The attention dilemma
The need to create an emotional connection with your audience is becoming more important for three reasons. The first is your audience is consuming more digital media than ever before—roughly 5.5 hours per day per U.S. adult, according to data from Nielsen.
The second is that your audience isn’t growing by leaps and bounds. From the Nielsen data above, you can see that the average time online has plateaued, because the market is basically saturated.
Further, data from the U.S. Census Bureau show that while all age demographics will see population gains between now and 2060, the majority increase will happen among residents age 65 and older. In many cases, brands are targeting adults ages 18 to 64—a timespan that typically covers our highest-earning years and thus the ability to pay for more goods and services than those younger or older. Those prime demographic categories will each grow by less than 20 percentage points in the decades ahead.

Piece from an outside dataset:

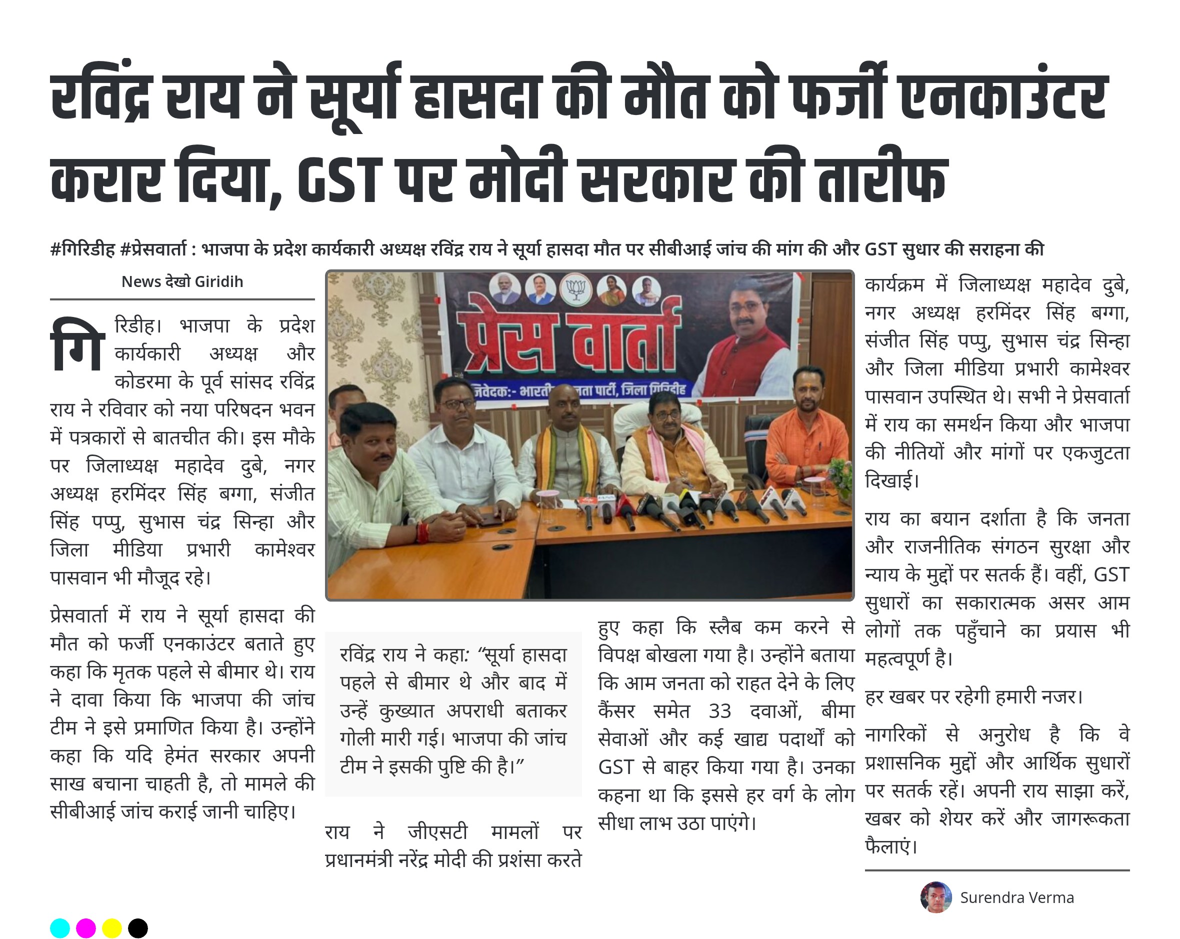 #गिरिडीह #प्रेसवार्ता : भाजपा के प्रदेश कार्यकारी अध्यक्ष रविंद्र राय ने सूर्या हासदा मौत पर सीबीआई जांच की मांग की और GST सुधार की सराहना की

Third, your competition is heating up. Fully 76 percent of B2B content marketers and 77 percent of B2C content marketers say they will create more content this year than in 2015, according to the latest benchmark reports by the Content Marketing Institute and MarketingProfs. This creates a supply and demand problem. There is simply way too much content for people to consume, and the impact of this surplus content is becoming quantifiable. For example, TrackMaven just published a report that showed (among other things) that the level of engagement with social media posts is inversely proportionate to the number of posts brands make:
Bottom line, at a time when people’s attention span is only eight seconds, you have a very small window to connect.
Spin the wheel of emotion
As sociologists and psychologists have tried to understand our emotional connection with words, they have developed tried to find frameworks for organizing and classifying them. Perhaps the most famous is Robert Plutchik’s wheel of emotions:
Writing in the January/February 2001 issue of “American Scientist,” Plutchik presented this visualization as a means of describing the “relations among emotion concepts, which are analogous to the colors on a color wheel. The cone’s vertical dimension represents intensity, and the circle represents degrees of similarity among the emotions.”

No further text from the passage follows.